命が生まれ、閉じて行く流れは、そう簡単にセオリー通りにいきま
せん。その命が世界で一つであるのと同じように、その死も世界で
一つだからです。確実に残る後悔と、死という現実から生じる空虚
感。それらを確実に抱え込まなければならないのがペットの飼育で
す。

人間が平均的に80年掛けてやることを犬は僅か15年で全てを済ま
していくのです。彼らとの一日を大切にしてください。彼らにたく
さん話しかけてあげてください。彼らには言葉は通じません。しか
し話しかけてくれてるということは判ってます。信頼する飼い主に
話しかけてもらえることは、彼らにとってとても嬉しいことです。

そして、一番大切な事。それは彼らが私達を愛してくれてるという
ことです。人間なんて殆どのペットからしてみれば、本気で歯向か
えば打ち負けせられない相手ではありません。でも彼らは本気で歯
向かってきません。

何故なら、人間が大好きで愛してるからです。一緒に居たいのです
。触れてもらいたいのです。それだけで彼らは幸せなのです。

叱られると、とても悲しいのです。でも言葉が通じないから、また
同じ過ちをしてしまうことがあります。そしてまた叱られます。と
ても悲しいです。それでも一緒に居たいのです。それだけで悲しみ
が消えるんです。

気付いてあげてほしい。その純粋な愛情を向けられてることに。
そして、応えてあげてほしい。
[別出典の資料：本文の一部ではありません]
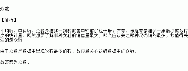 该店经理如果想要了解哪种女鞋的销售量最大,那么他应关注的统计量是_____.

その愛情に。

それが、僅か数年でこの世からいなくなってしまうペット達に人間
がしてやれる唯一にして最大のことなんじゃないかと思うわけです

看取ること。それを行いきれると。つまり向けてくれた愛情に愛情
で応えてあげれるという自信があって初めてペットを飼ってほしい

そう、cocは強く思うわけです。

何故にこんなことを唐突に書いたかという理由は敢えて書かないこ
とにします。書いた理由がなければ成立しない内容だとは思いませ
んし、一つのテキストとして独立して読んで頂ければ、それで良い
と思う次第です。

それでは今回はこれにて。
また次回の更新まで御機嫌よう。


*原文投稿時間不明の為、00時00分として転機しました。